• Work to be completed: The material below holds the lines to copy: from the one with "Um grafite de" up to and including the one with "A Maria Eduarda". Copy them exactly and skip the pictures.

========

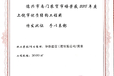 日前,由華泰建設工程有限公司承建的上饒德興南門農貿市場項目,榮獲了上饒市住房和城鄉建設局頒發的“2018年度上饒市優質結構工程獎”。 為把該項工程打造成省優工程,華泰建設工程有限公司秉承“質量為先,信譽為重,管理為本,服務為誠”的企業理念,遵循“建設一項工程,樹立一座豐碑”的企業精神,精選精銳的施工隊伍,配備過硬的技術力量,投入先進的施工設備,并根據工程實際,制定了嚴謹的施工計劃和安全質量防護措施,精心組織、合理安排、科學管理、統籌規劃,為工程安全、高質和如期交付使用提供了有力支持和保證。
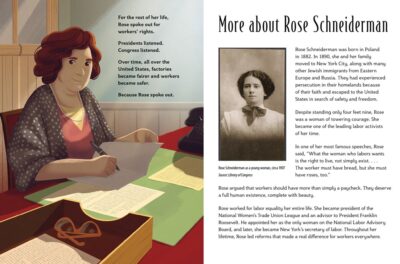 From science to history, we follow a Jewish immigrant from Poland, Rose Schneiderman, in the story Rose Spoke Out: The Story of Rose Schneiderman. Emma Carlson Bene took on a subject that probably few know. But that is not because Rose did not have a “big mouth” or as she liked to say, “a loud voice.” This little over four foot woman would change the way workers were treated, how safety would change and when things were not right, she would not stand for it. There is also information on the idea of tikkun olam, repairing the world, a core element of Jewish tradition (taken from the publisher description). While reading how the expression “bread and roses” came about, you follow this all with the marvelous illusions of Giovanni Abeille. Their work pops off the page in color and busy excitement. Currently out, Bene’s book was probably my favorite of the two, but honestly they are both strong additions to anyone’s library.
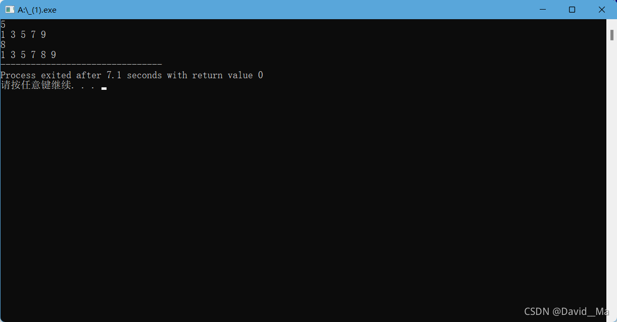输出数据的顺序与输入数据的顺序一致,数据与数据之间仅用一个空格隔开。
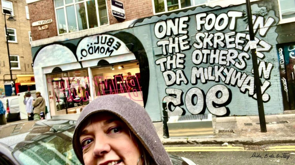 Um grafite de Brick lane, onde foi a experiência, o artista escreveu de trás pra frente…
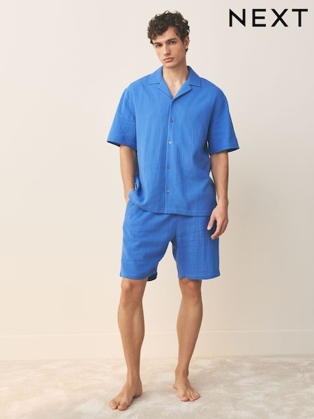 Blue Cheesecloth Shirt and Shorts Set
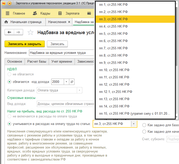 Стоит отметить, что при создании новой надбавки, которая должна быть в составе расчетной базы какого-то удержания или начисления, то это обязательно должно быть отражено в данных настройках. Достаточно часто возникает ситуация, при создании новой доплаты и не указав ее в составе базы иного начисления, программа выдает ошибку в расчете заработной платы.
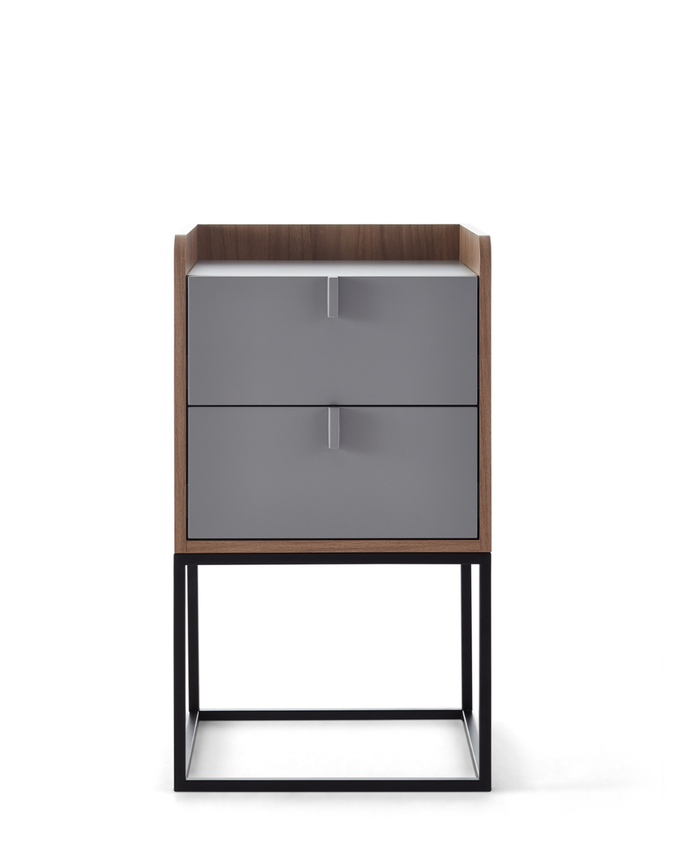 A Maria Eduarda possui uma altura média, fundo recuado para tomada, duas gavetas nas mesmas medidas e laterais elevadas, proporcionando um espaço diferenciado na base do móvel.
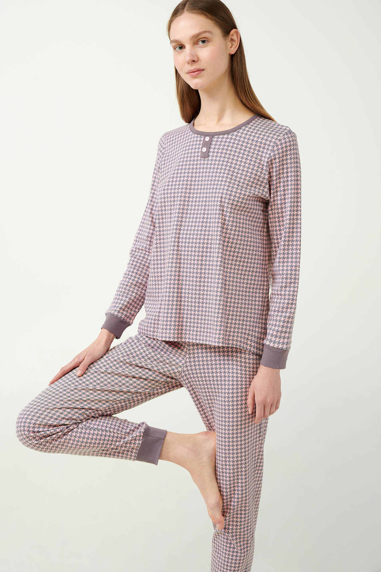 100% bavlna InterlockDĺžka vrchnej časti: 65 cm.Model: výška 175 cm, veľkosť: Small. Doprajte si dokonalé pohodlie s naším štýlovým dámskym pyžamom. Toto pyžamo s manžetami na nohaviciach a rukávmi s manžetami v elegantnom vzore pera ponúka modernú variáciu na klasické oblečenie na spanie. Pyžamo je vyrobené zo 100 % bavlny interlock a poskytuje výnimočnú mäkkosť a priedušnosť, takže je ideálne na pokojný spánok. Pyžamo má regular fit strih a poskytuje uvoľnenú, ale lichotivú siluetu, takže je ideálnou voľbou na príjemné noci a voľné rána. Vychutnajte si spojenie módy a pohodlia v tomto krásne navrhnutom pyžamovom komplete.

========

• Task answer:
 Um grafite de Brick lane, onde foi a experiência, o artista escreveu de trás pra frente…
 Blue Cheesecloth Shirt and Shorts Set
 Стоит отметить, что при создании новой надбавки, которая должна быть в составе расчетной базы какого-то удержания или начисления, то это обязательно должно быть отражено в данных настройках. Достаточно часто возникает ситуация, при создании новой доплаты и не указав ее в составе базы иного начисления, программа выдает ошибку в расчете заработной платы.
 A Maria Eduarda possui uma altura média, fundo recuado para tomada, duas gavetas nas mesmas medidas e laterais elevadas, proporcionando um espaço diferenciado na base do móvel.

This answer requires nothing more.